The theft package for R facilitates user-friendly access to a structured analytical workflow for the extraction of time-series features from six different feature sets (or a set of user-supplied features): "catch22", "feasts", "Kats", "tsfeatures", "tsfresh", and "TSFEL" theftdlc extends this feature-based ecosystem by providing a suite of functions for analysing, interpreting, and visualising time-series features calculated using theft.

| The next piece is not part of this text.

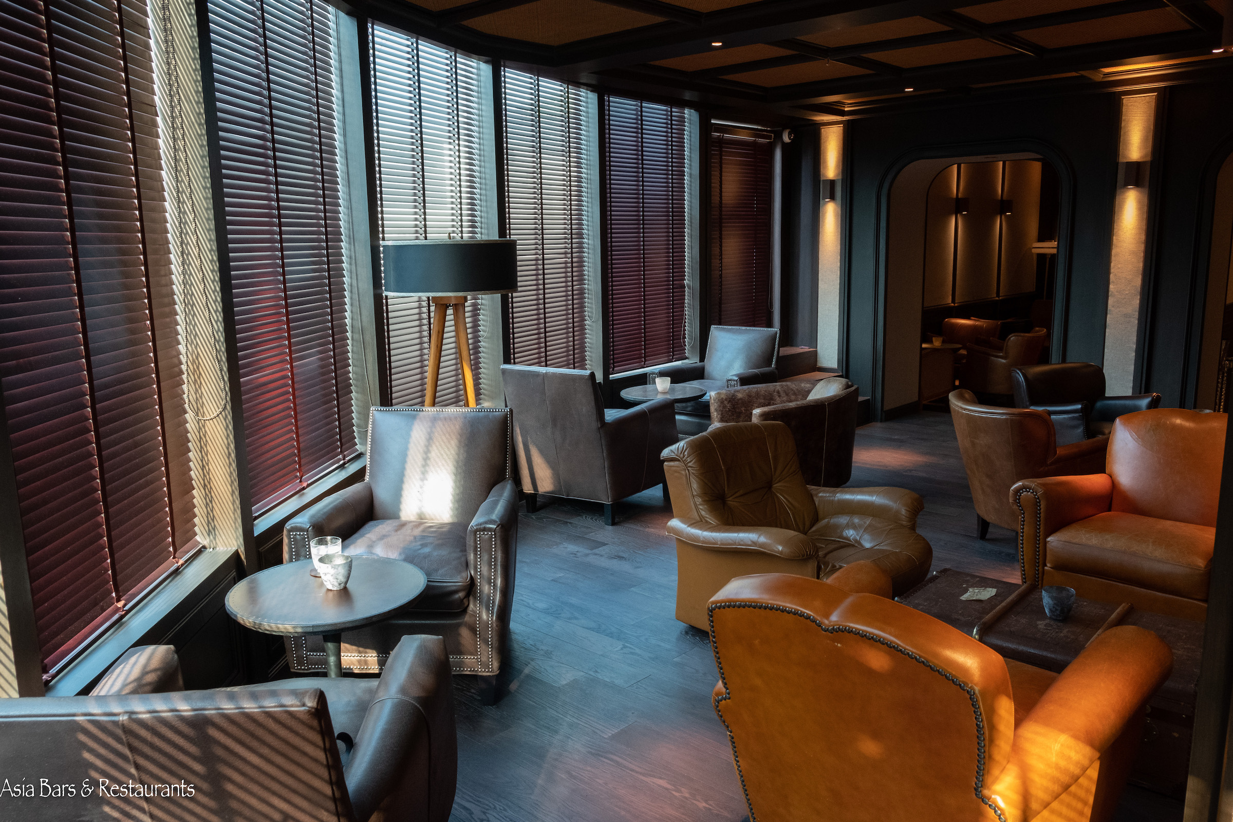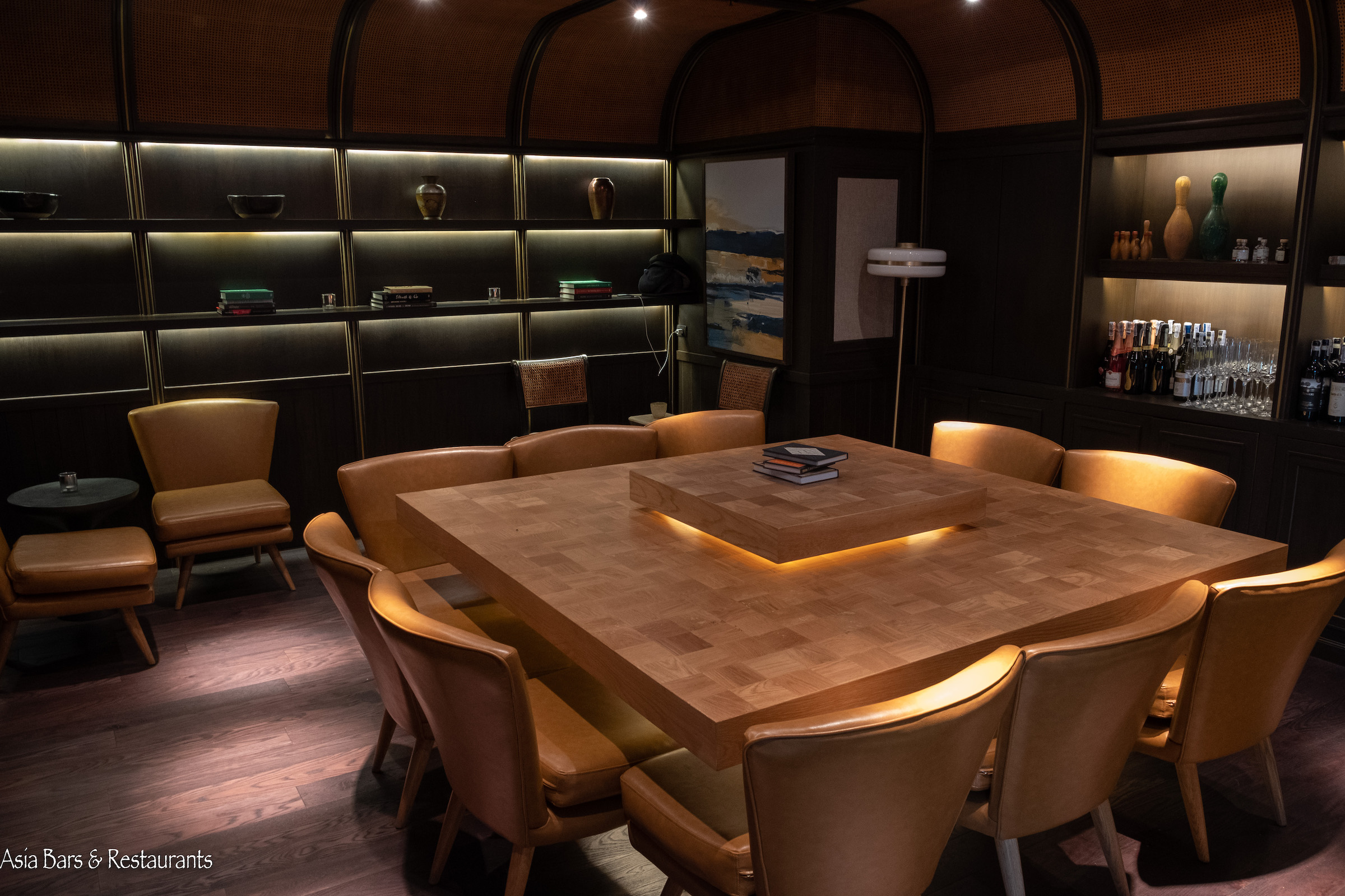 Interior 008 Bar can be found behind an unmarked solid timber doorway at the end of the outdoor terrace on the 11th floor of the hotel. The corner space projects a relaxed sophistication with its blond timber bar counter matched with plush tan leather bar seats. Retro-style leather armchairs are clustered around low tables across the main floor space, while a semi-private space adjacent to the main bar features a large square communal table.

Core calculation functions

To explore package functionality, we are going to use a dataset that comes standard with theft called simData. This dataset contains a collection of randomly generated time series for six different types of processes. The dataset can be accessed via:

theft::simData

The data follows the following structure:

head(simData)
#>                      values timepoint               id        process
#> Gaussian Noise.1 -0.6264538         1 Gaussian Noise_1 Gaussian Noise
#> Gaussian Noise.2  0.1836433         2 Gaussian Noise_1 Gaussian Noise
#> Gaussian Noise.3 -0.8356286         3 Gaussian Noise_1 Gaussian Noise
#> Gaussian Noise.4  1.5952808         4 Gaussian Noise_1 Gaussian Noise
#> Gaussian Noise.5  0.3295078         5 Gaussian Noise_1 Gaussian Noise
#> Gaussian Noise.6 -0.8204684         6 Gaussian Noise_1 Gaussian Noise

We will use theft to quickly calculate features using the catch22 set:

feature_matrix <- calculate_features(data = simData, 
                                     id_var = "id", 
                                     time_var = "timepoint", 
                                     values_var = "values", 
                                     group_var = "process", 
                                     feature_set = "catch22",
                                     seed = 123)

Data quality checks

The core calculate_features function in theft returns an object of class feature_calculations. Objects of this type are purposefully looked-for by other functions in theftdlc. Because it is a class, simple methods such as plot() can be called on the object to produce a range of statistical graphics. The first is a visualisation of the data types of the calculated feature vectors. This is useful for inspecting which features might need to be dropped due to large proportions of undesirable (e.g., NA, NaN etc.) values. We can specify the plot type = "quality to make this graphic:

plot(feature_matrix, type = "quality")

Data visualisation and low-dimensional projections

The package also comes with additional statistical and graphical functionality:

Feature matrices

The function calling type = "matrix" in plot() on a feature_calculations object takes it and produces a ggplot object heatmap showing the feature vectors across the x axis and each time series down the y axis. Prior to plotting, the function hierarchically clusters the data across both rows and columns to visually highlight the empirical structure. Note that you have several options for the hierarchical clustering linkage algorithm to use:

See the hclust documentation for more information.

Note that the legend for this plot (and other matrix visualisations in theftdlc) have been discretised for visual clarity as continuous legends can be difficult to interpret meaningful value differences easily.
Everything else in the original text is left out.